WHAT YOU NEED TO DO. Leave out the pictures and give back all the entries exactly as written.
——
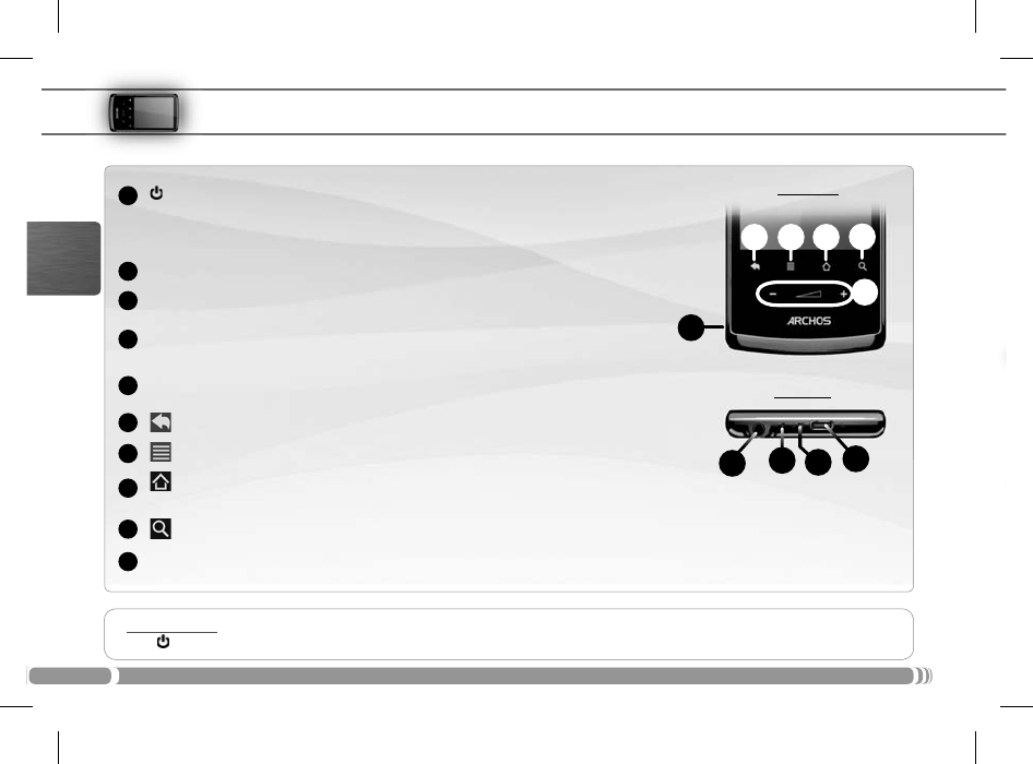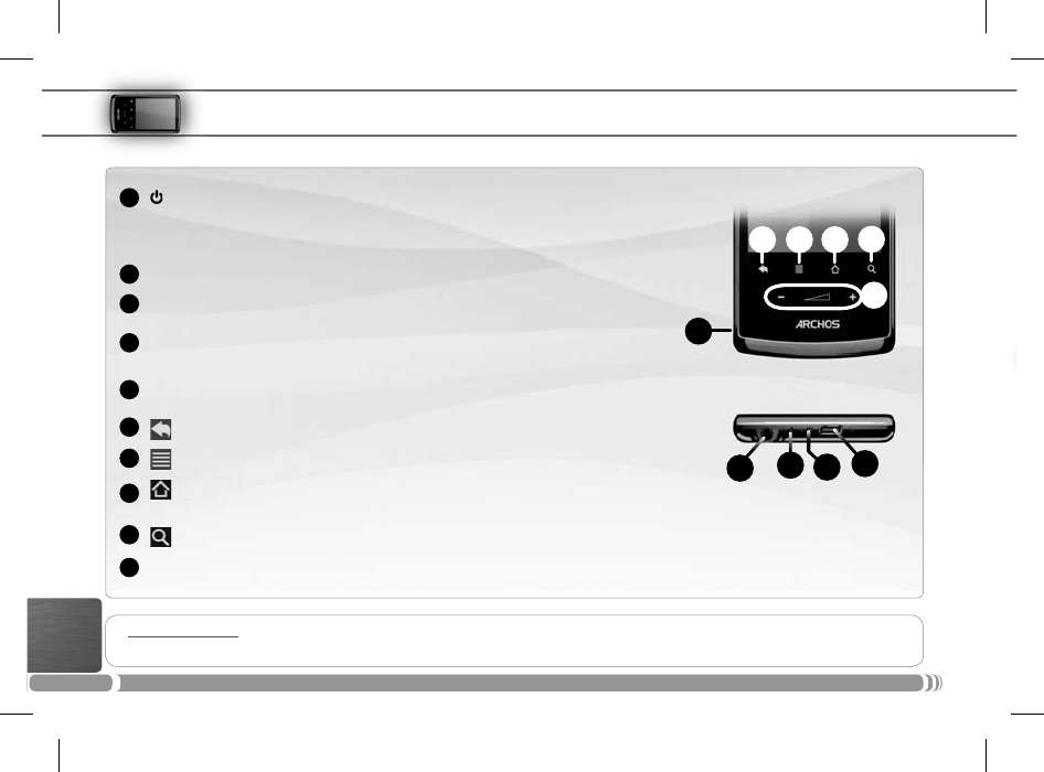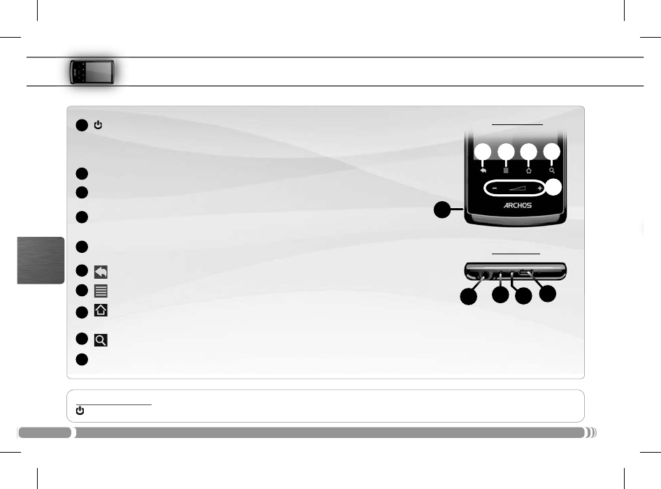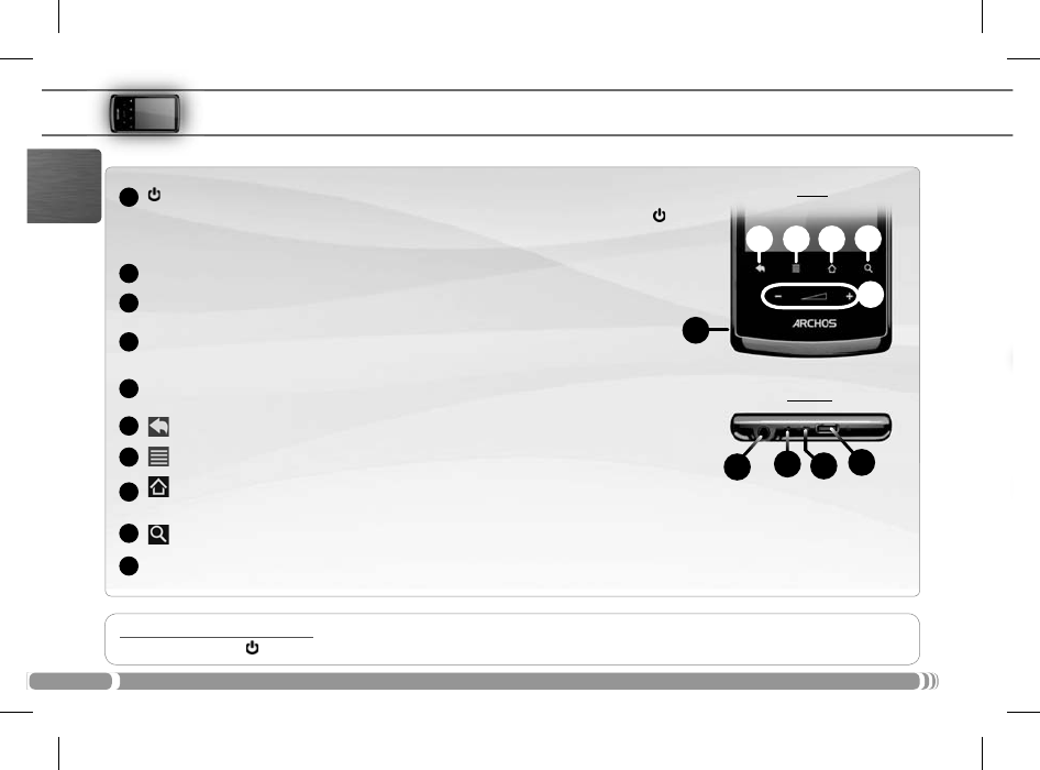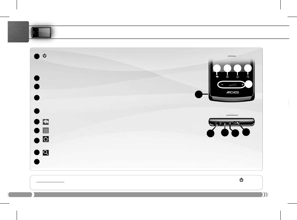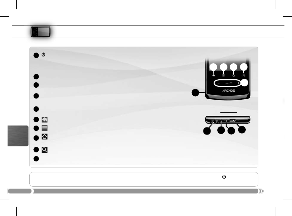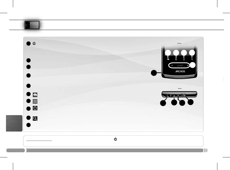 Hardware Reset: In the event that your ARCHOS freezes operation, you can force the device to shut down by holding the button
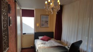 A double room, +/- 14 m2, with bathroom, situated at the front
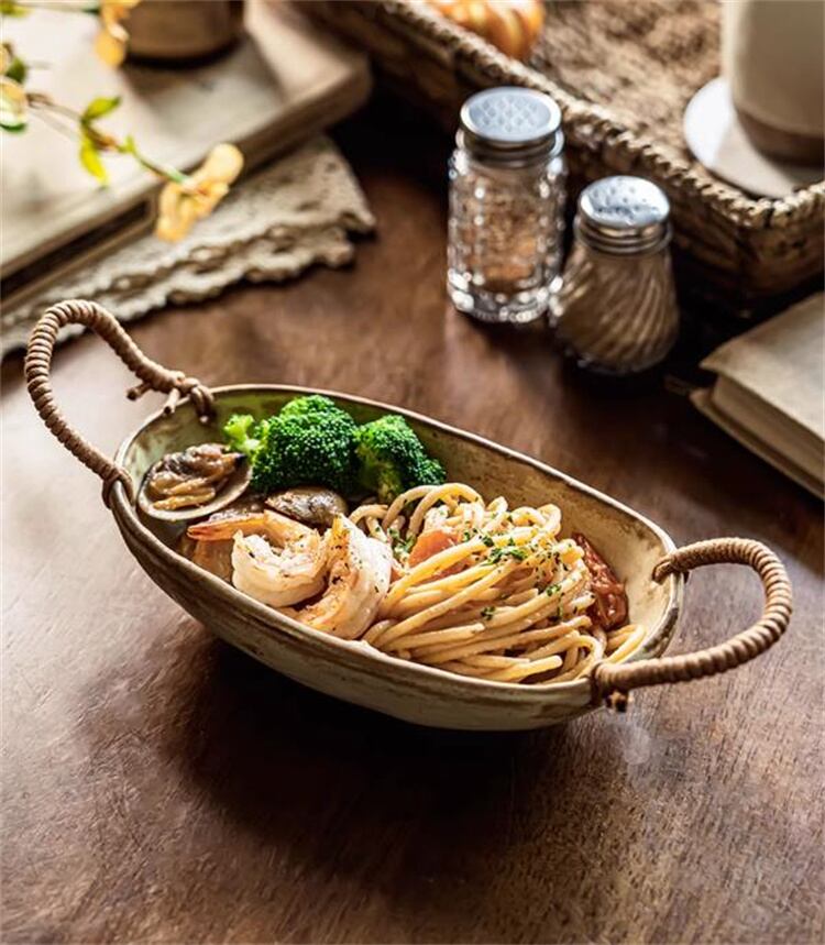 手編み麻縄付き楕円碗 粗陶の個性的食器 サラダ・フルーツ用 N2JY2025092211 :dodo
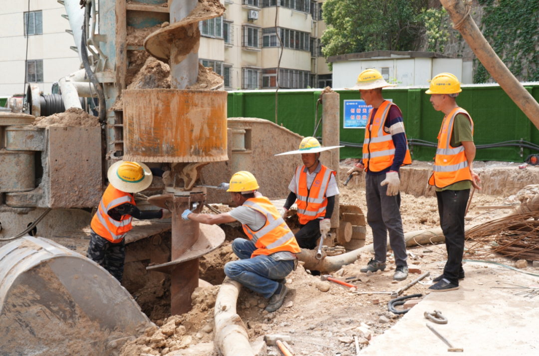 工人对桩机钻杆进行检修
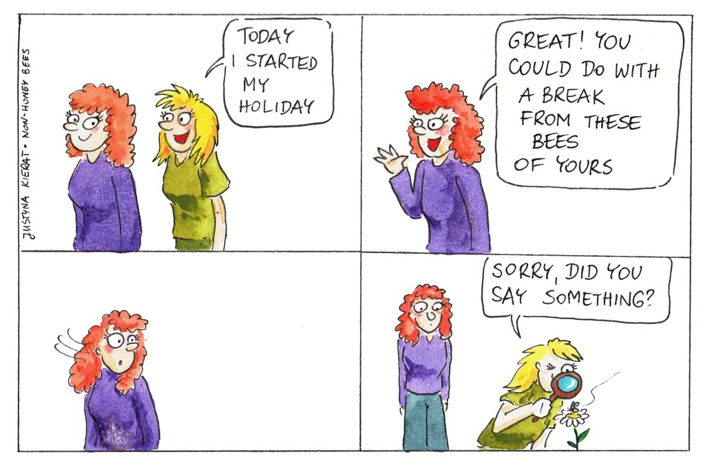 I first posted this cartoon on my social media. I wasn’t sure if you would find it funny, but after receiving positive feedback, I decided to share it here as well. I drew this cartoon during a bee identification course. It was excellent… and intensive! We worked so much on identification keys that they became my first association with the word ‘key’ ๐
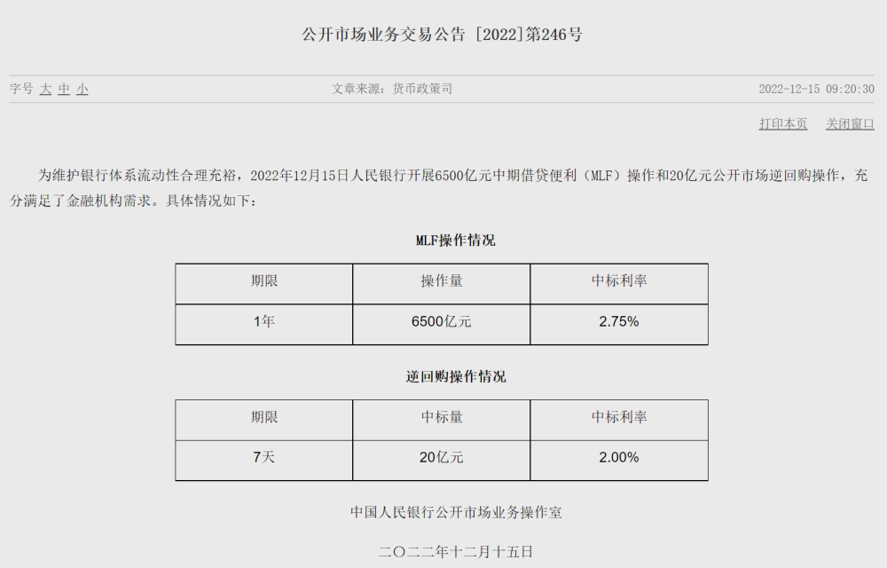 為維護銀行體系流動性合理充裕,12月15日中國人民銀行開展6500億元中期借貸便利(MLF)操作和20億元公開市場逆回購操作,充分滿足了金融機構需求,中標利率均與前次持平。
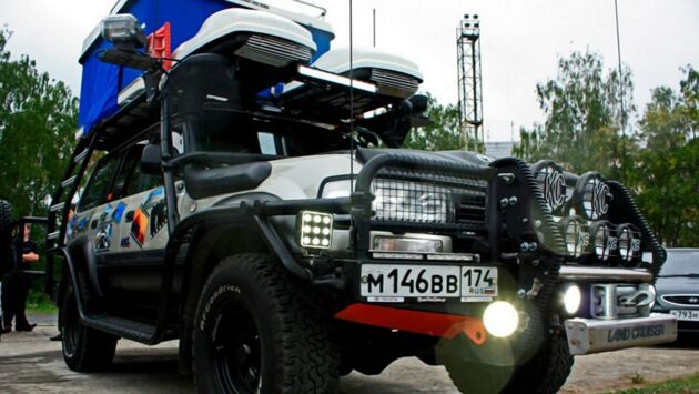 Несколько дней назад в одном из автомобильных сообществ социальной сети появились фотографии серьёзной внедорожной подготовки Toyota Land Cruiser 80. Поколение Land Cruiser с индексом "80" появилось на конвейере японского производителя Toyota 30 лет назад. Его оснащали широкой гаммой бензиновых и дизельных силовых агрегатов с мощностями от 136 до 215 лошадиных сил. Атмосферный дизель 1HZ объёмом 4.2 литра особенно полюбился автовладельцам, так как он обладает практически неограниченным ресурсом. Именно такой мотор установили на получившийся автомобиль, который владелец назвал "Железный Хеопс". Помимо внешнего силового каркаса, автомобиль оснастили огромным количеством приспособлений для долгих экспедиций в отрыве от цивилизации. В ДТП автомобиль защитит массивный "кенгурятник", на который установили дополнительные осветительные элементы и лебёдку. Для многочисленного скарба на крышу поставили два багажных бокса, а для отдыха экипажа там же размещена просторная автомобильная палатка от фирмы Maggiolina. Если судить по наклейкам на кузове, экспедиционный внедорожник уже серьёзно попутешествовал по России и владелец заверяет, что не собирается останавливаться.
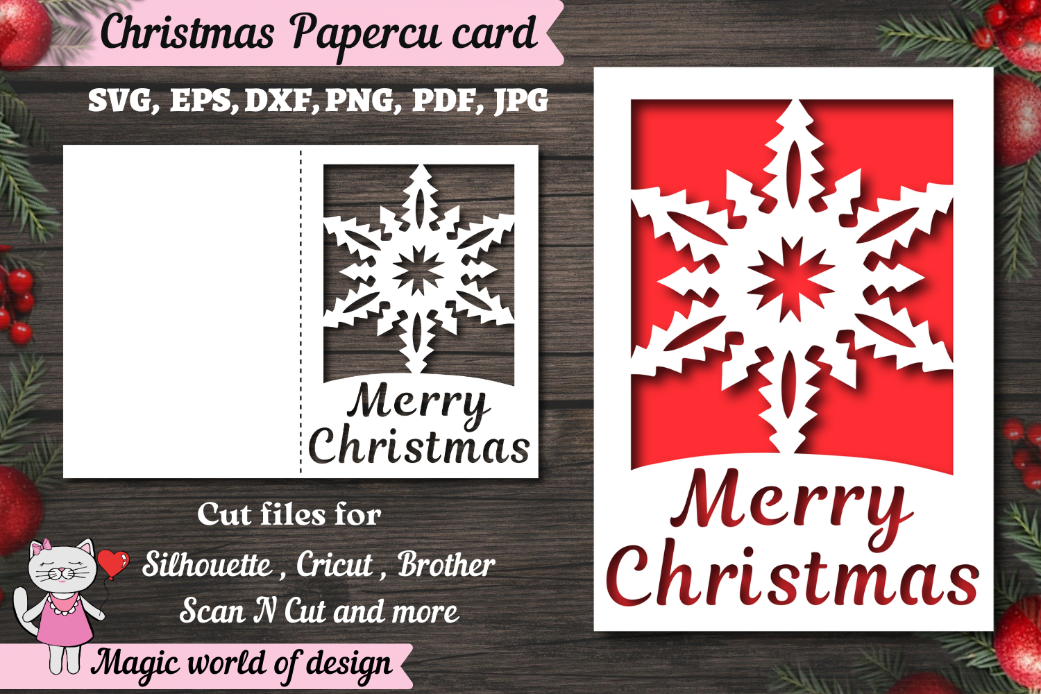 Christmas snowflake card svg, xmas Papercut Card example image 1
——
OUTPUT.
 Hardware Reset: In the event that your ARCHOS freezes operation, you can force the device to shut down by holding the button
 A double room, +/- 14 m2, with bathroom, situated at the front
 手編み麻縄付き楕円碗 粗陶の個性的食器 サラダ・フルーツ用 N2JY2025092211 :dodo
 工人对桩机钻杆进行检修
 I first posted this cartoon on my social media. I wasn’t sure if you would find it funny, but after receiving positive feedback, I decided to share it here as well. I drew this cartoon during a bee identification course. It was excellent… and intensive! We worked so much on identification keys that they became my first association with the word ‘key’ ๐
 為維護銀行體系流動性合理充裕,12月15日中國人民銀行開展6500億元中期借貸便利(MLF)操作和20億元公開市場逆回購操作,充分滿足了金融機構需求,中標利率均與前次持平。
 Несколько дней назад в одном из автомобильных сообществ социальной сети появились фотографии серьёзной внедорожной подготовки Toyota Land Cruiser 80. Поколение Land Cruiser с индексом "80" появилось на конвейере японского производителя Toyota 30 лет назад. Его оснащали широкой гаммой бензиновых и дизельных силовых агрегатов с мощностями от 136 до 215 лошадиных сил. Атмосферный дизель 1HZ объёмом 4.2 литра особенно полюбился автовладельцам, так как он обладает практически неограниченным ресурсом. Именно такой мотор установили на получившийся автомобиль, который владелец назвал "Железный Хеопс". Помимо внешнего силового каркаса, автомобиль оснастили огромным количеством приспособлений для долгих экспедиций в отрыве от цивилизации. В ДТП автомобиль защитит массивный "кенгурятник", на который установили дополнительные осветительные элементы и лебёдку. Для многочисленного скарба на крышу поставили два багажных бокса, а для отдыха экипажа там же размещена просторная автомобильная палатка от фирмы Maggiolina. Если судить по наклейкам на кузове, экспедиционный внедорожник уже серьёзно попутешествовал по России и владелец заверяет, что не собирается останавливаться.
 Christmas snowflake card svg, xmas Papercut Card example image 1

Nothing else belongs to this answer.